Below are the records; give again exactly the lines from the one containing "Here are the" through the one containing "论文针对含有未知控制系数的非", leaving out pictures.

PROVIDED MATERIAL:
== Segment start ==
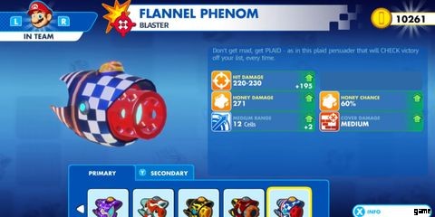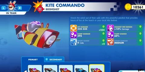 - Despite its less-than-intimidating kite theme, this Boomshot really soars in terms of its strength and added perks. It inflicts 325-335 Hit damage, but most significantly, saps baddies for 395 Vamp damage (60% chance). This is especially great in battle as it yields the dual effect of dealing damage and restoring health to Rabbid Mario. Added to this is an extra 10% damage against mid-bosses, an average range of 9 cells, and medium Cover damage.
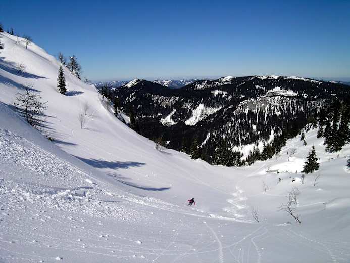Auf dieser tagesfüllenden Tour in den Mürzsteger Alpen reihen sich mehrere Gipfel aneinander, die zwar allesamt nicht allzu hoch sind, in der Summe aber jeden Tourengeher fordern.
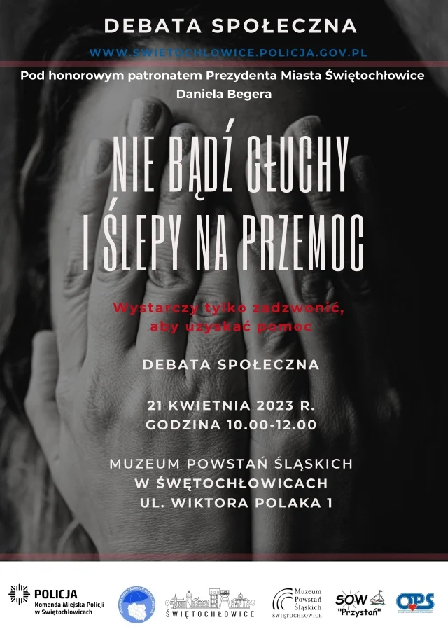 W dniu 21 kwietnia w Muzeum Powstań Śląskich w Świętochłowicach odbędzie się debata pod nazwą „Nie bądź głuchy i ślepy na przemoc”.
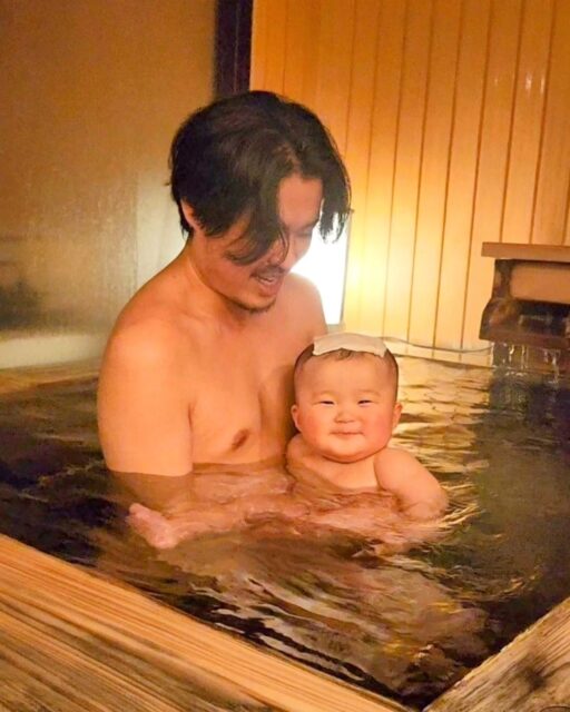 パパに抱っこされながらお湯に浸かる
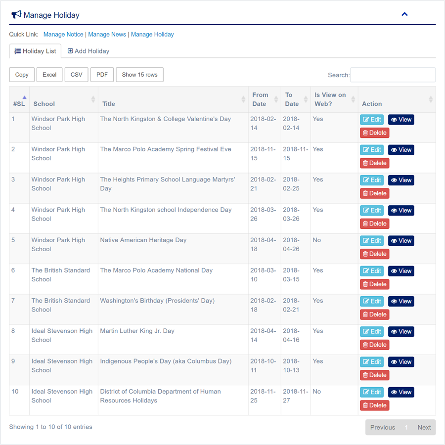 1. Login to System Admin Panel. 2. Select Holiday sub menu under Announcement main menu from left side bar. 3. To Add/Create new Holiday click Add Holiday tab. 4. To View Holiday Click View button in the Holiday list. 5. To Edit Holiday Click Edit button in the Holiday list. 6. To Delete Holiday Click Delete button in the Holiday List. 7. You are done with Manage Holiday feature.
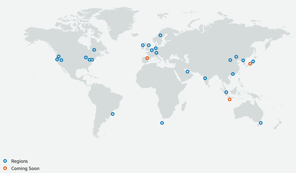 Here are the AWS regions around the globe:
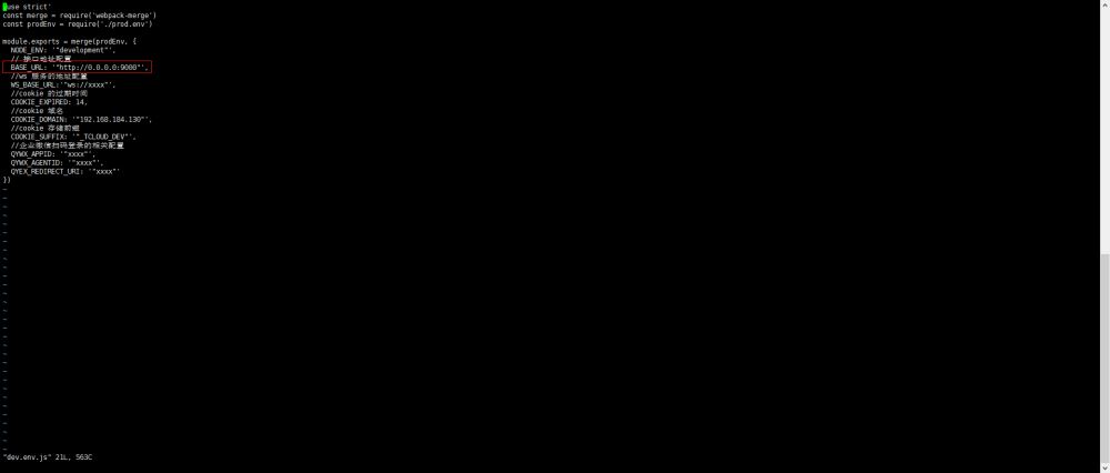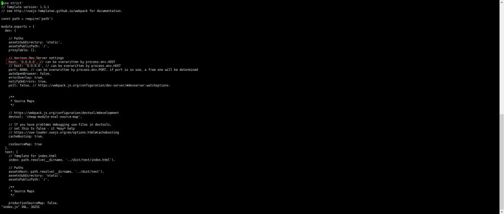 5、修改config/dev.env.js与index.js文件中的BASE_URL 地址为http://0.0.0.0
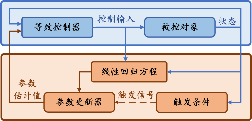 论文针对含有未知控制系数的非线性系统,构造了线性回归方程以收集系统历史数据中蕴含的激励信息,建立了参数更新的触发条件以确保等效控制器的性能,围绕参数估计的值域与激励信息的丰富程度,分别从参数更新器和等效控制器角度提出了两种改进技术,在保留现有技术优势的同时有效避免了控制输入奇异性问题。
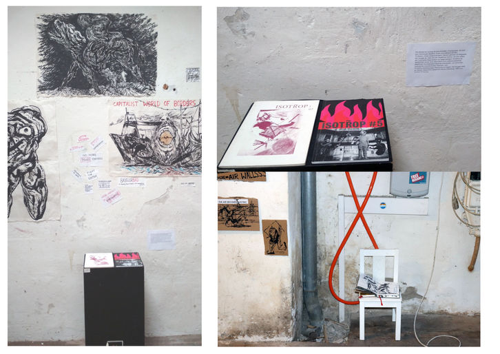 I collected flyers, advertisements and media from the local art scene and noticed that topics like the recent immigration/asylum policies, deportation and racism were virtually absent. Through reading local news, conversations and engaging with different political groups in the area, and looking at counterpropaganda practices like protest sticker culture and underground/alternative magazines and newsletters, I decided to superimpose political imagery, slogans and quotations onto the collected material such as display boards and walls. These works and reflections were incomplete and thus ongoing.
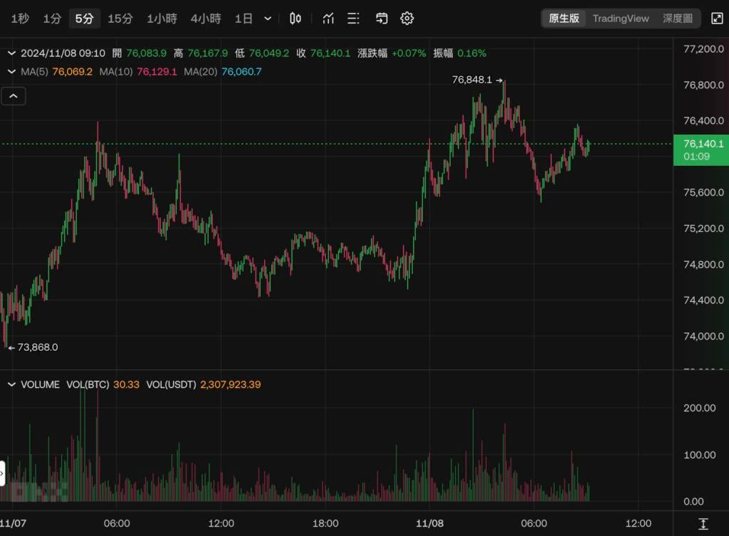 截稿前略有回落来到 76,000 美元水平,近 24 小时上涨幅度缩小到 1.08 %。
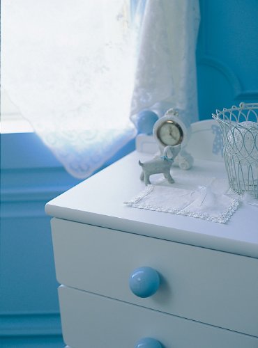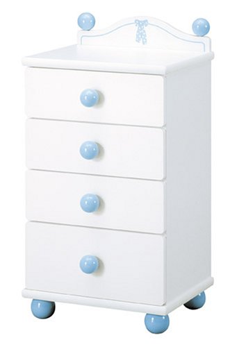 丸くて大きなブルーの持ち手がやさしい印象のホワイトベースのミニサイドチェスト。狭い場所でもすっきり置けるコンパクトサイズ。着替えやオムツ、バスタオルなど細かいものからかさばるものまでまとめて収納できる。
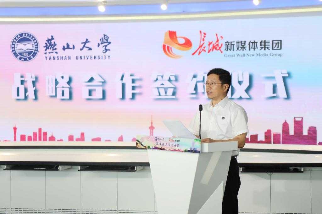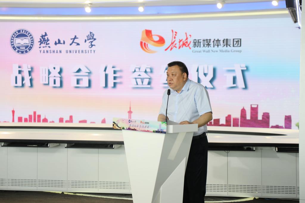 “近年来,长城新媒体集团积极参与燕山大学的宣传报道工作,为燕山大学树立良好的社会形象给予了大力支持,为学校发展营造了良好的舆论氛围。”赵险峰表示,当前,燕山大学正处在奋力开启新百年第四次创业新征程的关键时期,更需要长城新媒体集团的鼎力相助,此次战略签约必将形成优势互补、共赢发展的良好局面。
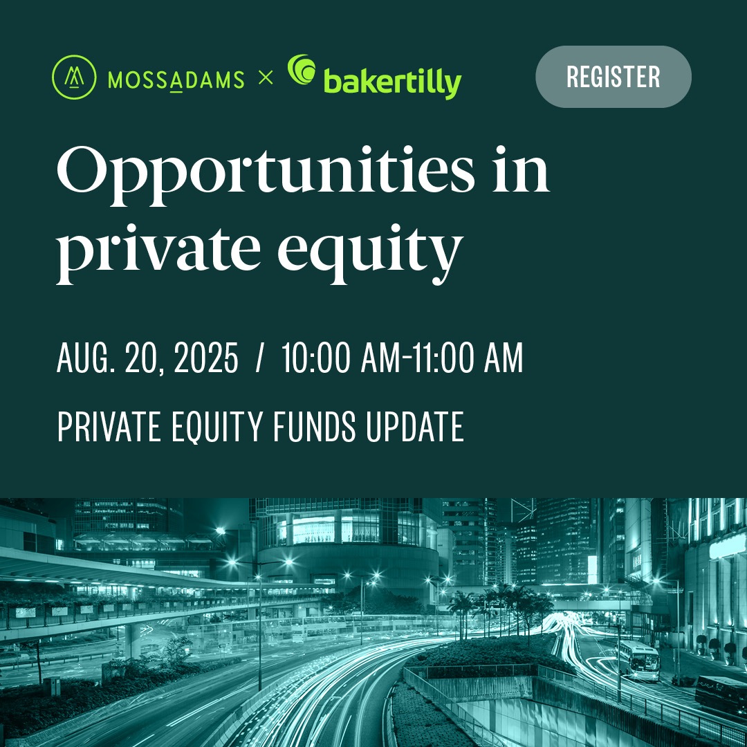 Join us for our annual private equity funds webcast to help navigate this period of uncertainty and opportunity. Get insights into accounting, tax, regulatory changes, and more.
== Segment end ==
YOUR SOLUTION:
 Here are the AWS regions around the globe:
 5、修改config/dev.env.js与index.js文件中的BASE_URL 地址为http://0.0.0.0
 论文针对含有未知控制系数的非线性系统,构造了线性回归方程以收集系统历史数据中蕴含的激励信息,建立了参数更新的触发条件以确保等效控制器的性能,围绕参数估计的值域与激励信息的丰富程度,分别从参数更新器和等效控制器角度提出了两种改进技术,在保留现有技术优势的同时有效避免了控制输入奇异性问题。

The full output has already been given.